The group differences were tested by applying a general linear model using the scanner; sex; age; and the symptom type, duration, and lateralization as nuisance covariates. Additionally, the effects of prior dopaminergic or antipsychotic medication use on SBR and other findings were separately tested by adding them to subsequent general linear model analyses. Analyses were restricted to the brain gray matter, pons, and midbrain (SPM WFU PickAtlas toolbox; http://www.nitrc.org/projects/wfu_pickatlas/ (21)), which showed specific tracer binding (i.e., SBR ≥ 1.0) by creating a single analysis mask that was used in all analyses. The mean SBR extracted from the ventral midbrain cluster that showed group difference (cluster size, 904 mm3; peak at −6 −14 −14; T = 6.78, familywise error (FWE)–corrected P < 0.000001) was used as a variable of interest to investigate dopaminergic correlations between the midbrain and striatal and extrastriatal regions. A conservative FWE-corrected P value of less than 0.05 at the voxel-level within the entire mask volume was considered statistically significant in all SPM analyses. The SBR values were extracted from statistically significant clusters with the Marsbar toolbox (http://marsbar.sourceforge.net/) to estimate the magnitude of the group differences and to illustrate the correlations. Clusters were overlaid on the T1-weighted MR image template using Mango software (version 2.6; http://ric.uthscsa.edu/mango). Individual-samples t tests were used for the group comparisons, with mean cluster SBR values and demographic variables. In addition, PD patients with and without tremor were compared using t tests to assess whether altered binding in SERT-rich regions was associated with motor symptom type. A P value of less than 0.05 was set as the level of significance in all statistical analyses run in SPSS (version 21.0; IBM Corp.).

RESULTS

The study sample included 124 (57.4%) PD men and 92 (50.5%) control men (χ2 = 2.02, P = 0.16). PD patients were slightly older than controls (mean age ± SD, 66.6 ± 10.4 y in PD vs. 63.9 ± 12.2 y in controls; t = 2.45, P = 0.02). The mean PD motor symptom duration ± SD at the time of SPECT scanning was 2.0 ± 2.5 y, and 148 (68.5%) of the patients had tremor. Only a few subjects had prior dopaminergic (n = 66, 15.7%) or antipsychotic (n = 45, 10.7%) medication. Antipsychotic medication was more common in controls than in PD patients (n = 38 [18.6%] vs. 7 [3.2%], P < 0.001), but there were no differences in dopaminergic medication use between the groups (n = 25 [12.3%] vs. 41 [19.0%], P = 0.06).

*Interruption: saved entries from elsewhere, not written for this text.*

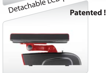
Dual hinge design
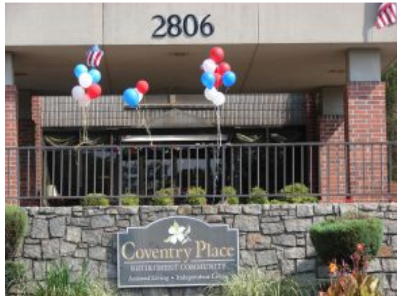
BALLOONS FLEW HERALDING JULY 4th

Our staff is dedicated to making you feel at home in your new home at Coventry Place. Our job is to make sure that your life in our community is comfortable, safe and enjoyable. We want you to be happy here and to feel you've found a place to stay, that you're part of the family. Thank you for being here.
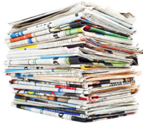
Paper, newspapers and magazines
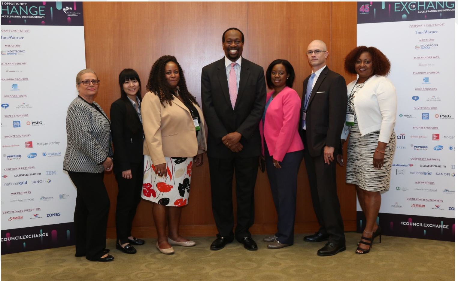
Business Opportunity Exchange 2018

PD patients had lower 123I-FP-CIT binding in the striatum (as expected based on the study design), ventral midbrain, and prefrontal cortex than controls (Fig. 1). Additionally, the effect extended to the bilateral insula and medial temporal lobe. 123I-FP-CIT binding in the thalamus and raphe nuclei was bilaterally higher in PD patients than controls. The magnitudes of the group differences are presented in Figure 2. The presence of tremor was not associated with 123I-FP-CIT binding in the raphe nuclei (t = 0.56, P = 0.58) or left (t = 1.63, P = 0.11) or right thalamus (t = 0.03, P = 0.98) in PD patients.

FIGURE 1.
FIGURE 1.

Group differences between control and PD patients. Regions showing lower 123I-FP-CIT binding in PD patients are shown in red–yellow scale and higher binding in blue-light blue scale, compared with controls overlaid on brain T1 MR imaging template. Threshold is set to voxel-level FWE-corrected P < 0.05 (t > 4.56). PFC = prefrontal cortex.

FIGURE 2.
FIGURE 2.

Regional dopamine and serotonin transporter density. Average specific binding ratios extracted from statistically significant clusters shown in Figure 1. Mean (95% confidence interval) difference between Parkinson disease (PD) and control patients is given for each region. All group differences are significant at P < 0.001. SBR = specific binding ratio.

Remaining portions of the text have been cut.